— Work instruction —
Produce as output only the lines below starting at the line with "運動会のマスコットを選ぶために投票しています。(5月11日)" and continuing through the line with "ご飯に(1)、桜えび、桜の花、ごま、めんつゆを加え、切るように混ぜて器に盛る。", each one exactly as written.

— Dataset content —
*** Block opens ***
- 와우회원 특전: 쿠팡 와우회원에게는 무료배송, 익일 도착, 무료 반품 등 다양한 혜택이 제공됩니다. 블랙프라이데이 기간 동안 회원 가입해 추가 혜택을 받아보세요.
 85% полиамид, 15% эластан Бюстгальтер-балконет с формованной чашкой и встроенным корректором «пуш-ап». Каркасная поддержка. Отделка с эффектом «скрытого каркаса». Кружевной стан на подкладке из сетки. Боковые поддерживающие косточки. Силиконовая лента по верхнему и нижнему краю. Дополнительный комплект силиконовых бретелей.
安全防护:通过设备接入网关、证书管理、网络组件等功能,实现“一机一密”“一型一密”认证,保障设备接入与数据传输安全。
*** Block closes ***
*** Block opens ***
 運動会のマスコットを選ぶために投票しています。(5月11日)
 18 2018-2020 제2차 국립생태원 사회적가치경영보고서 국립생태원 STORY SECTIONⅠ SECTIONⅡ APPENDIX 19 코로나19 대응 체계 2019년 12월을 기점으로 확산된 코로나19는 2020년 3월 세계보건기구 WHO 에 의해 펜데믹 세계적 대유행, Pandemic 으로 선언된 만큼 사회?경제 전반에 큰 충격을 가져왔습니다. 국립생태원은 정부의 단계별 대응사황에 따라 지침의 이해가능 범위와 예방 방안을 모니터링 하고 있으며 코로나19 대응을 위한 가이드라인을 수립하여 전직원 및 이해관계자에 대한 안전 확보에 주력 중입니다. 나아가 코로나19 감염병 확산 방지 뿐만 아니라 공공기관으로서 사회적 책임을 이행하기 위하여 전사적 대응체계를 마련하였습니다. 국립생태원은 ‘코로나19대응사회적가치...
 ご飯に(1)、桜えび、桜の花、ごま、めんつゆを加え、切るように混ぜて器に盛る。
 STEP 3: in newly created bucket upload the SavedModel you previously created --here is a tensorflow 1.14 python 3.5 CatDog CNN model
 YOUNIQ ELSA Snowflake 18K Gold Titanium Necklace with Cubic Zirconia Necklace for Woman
*** Block closes ***
*** Block opens ***
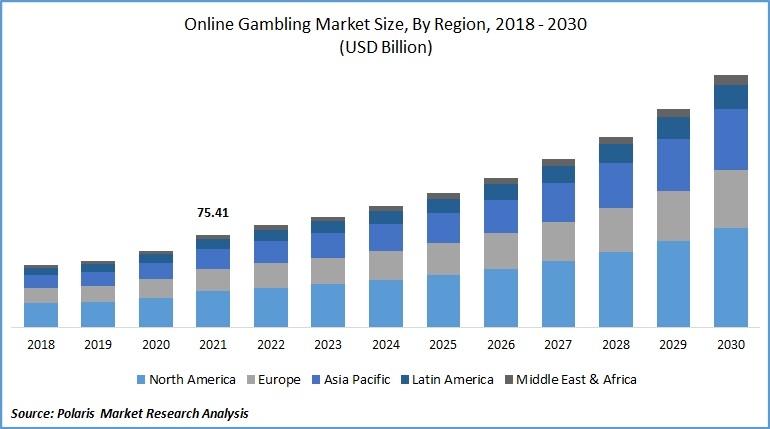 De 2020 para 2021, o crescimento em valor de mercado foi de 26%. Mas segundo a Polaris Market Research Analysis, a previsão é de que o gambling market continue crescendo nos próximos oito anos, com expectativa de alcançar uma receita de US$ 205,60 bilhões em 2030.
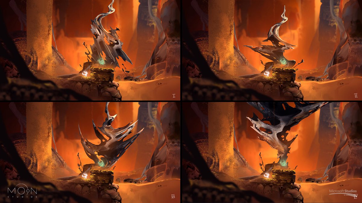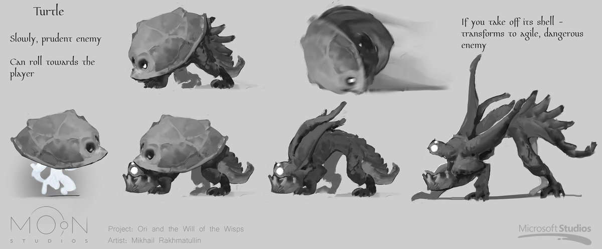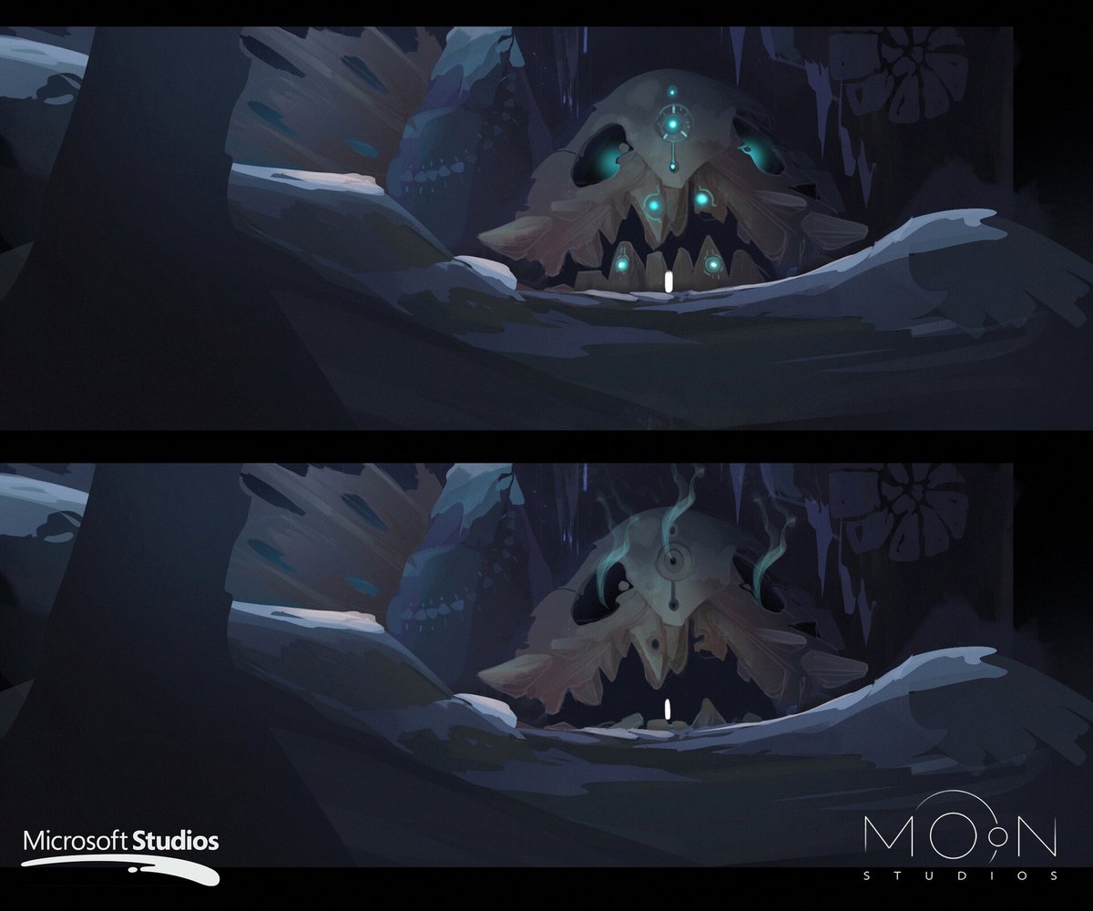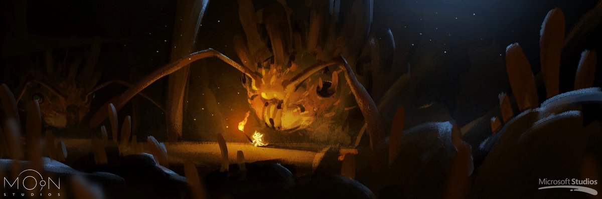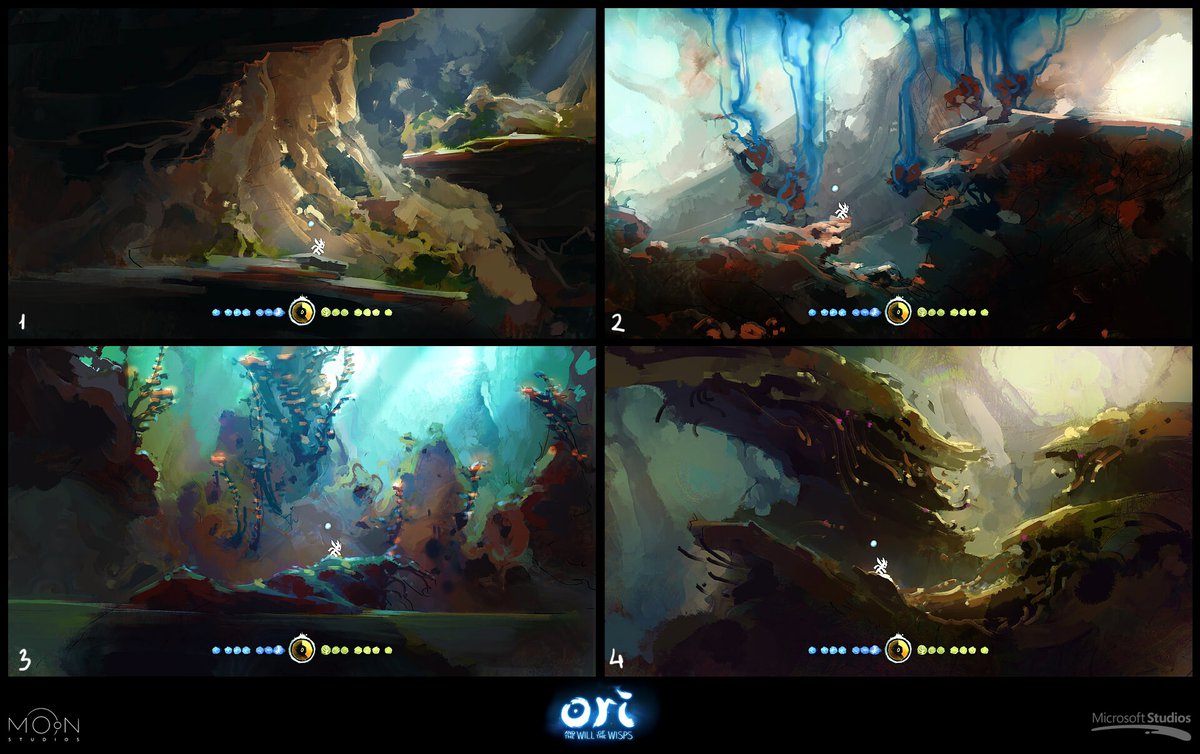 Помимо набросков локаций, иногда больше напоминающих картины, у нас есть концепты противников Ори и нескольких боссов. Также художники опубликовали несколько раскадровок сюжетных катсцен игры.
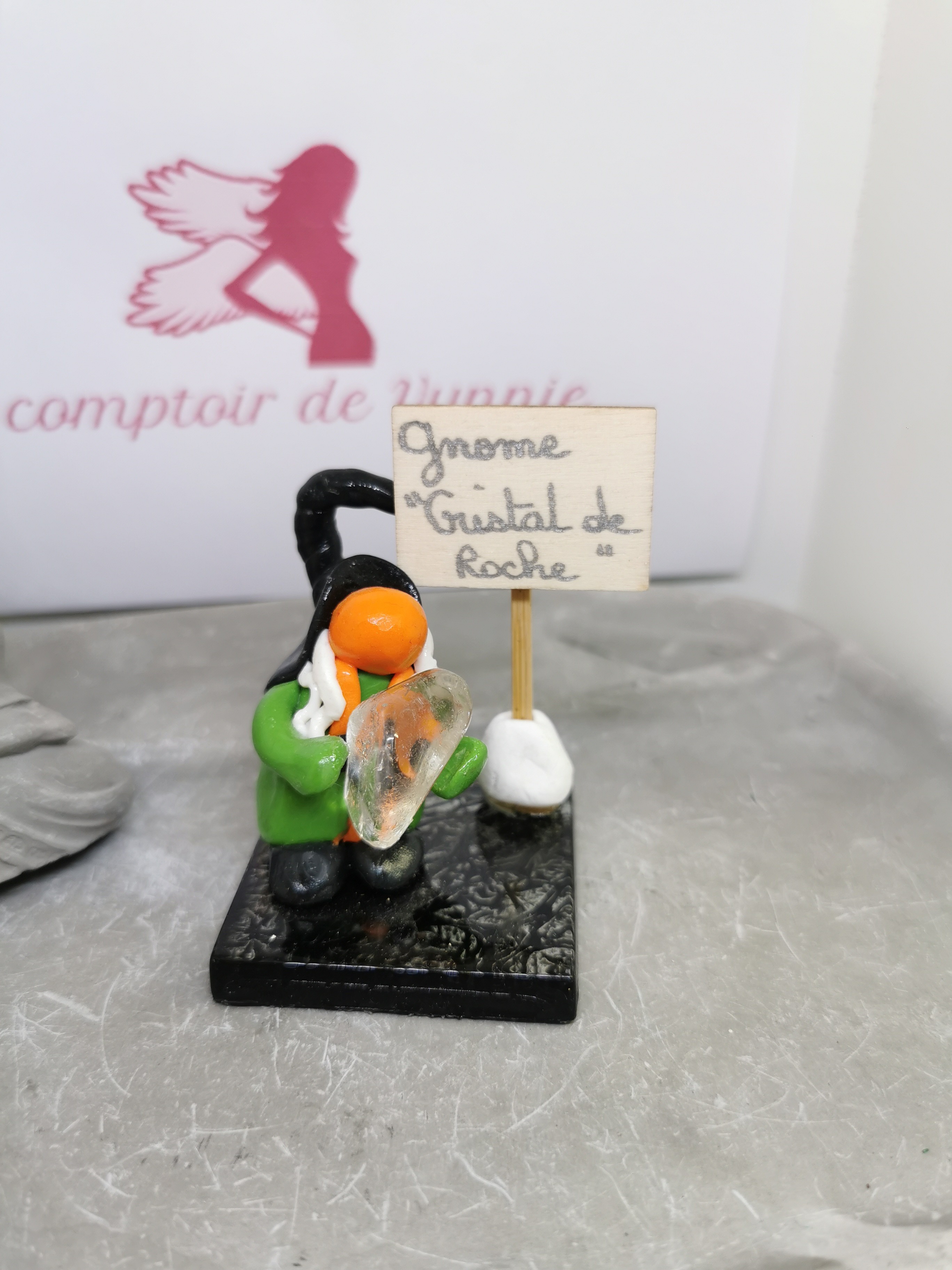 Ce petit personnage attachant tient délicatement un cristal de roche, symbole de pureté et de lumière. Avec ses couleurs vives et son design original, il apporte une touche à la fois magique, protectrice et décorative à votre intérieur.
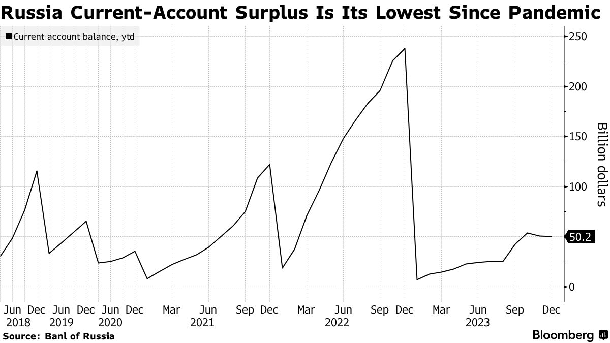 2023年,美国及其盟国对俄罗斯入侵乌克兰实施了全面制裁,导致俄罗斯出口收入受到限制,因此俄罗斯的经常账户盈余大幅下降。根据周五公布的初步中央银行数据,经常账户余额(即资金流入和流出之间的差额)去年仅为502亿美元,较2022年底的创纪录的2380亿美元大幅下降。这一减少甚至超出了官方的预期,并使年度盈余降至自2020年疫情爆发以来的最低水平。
*** Block closes ***
— Reply to the exercise —
 運動会のマスコットを選ぶために投票しています。(5月11日)
 18 2018-2020 제2차 국립생태원 사회적가치경영보고서 국립생태원 STORY SECTIONⅠ SECTIONⅡ APPENDIX 19 코로나19 대응 체계 2019년 12월을 기점으로 확산된 코로나19는 2020년 3월 세계보건기구 WHO 에 의해 펜데믹 세계적 대유행, Pandemic 으로 선언된 만큼 사회?경제 전반에 큰 충격을 가져왔습니다. 국립생태원은 정부의 단계별 대응사황에 따라 지침의 이해가능 범위와 예방 방안을 모니터링 하고 있으며 코로나19 대응을 위한 가이드라인을 수립하여 전직원 및 이해관계자에 대한 안전 확보에 주력 중입니다. 나아가 코로나19 감염병 확산 방지 뿐만 아니라 공공기관으로서 사회적 책임을 이행하기 위하여 전사적 대응체계를 마련하였습니다. 국립생태원은 ‘코로나19대응사회적가치...
 ご飯に(1)、桜えび、桜の花、ごま、めんつゆを加え、切るように混ぜて器に盛る。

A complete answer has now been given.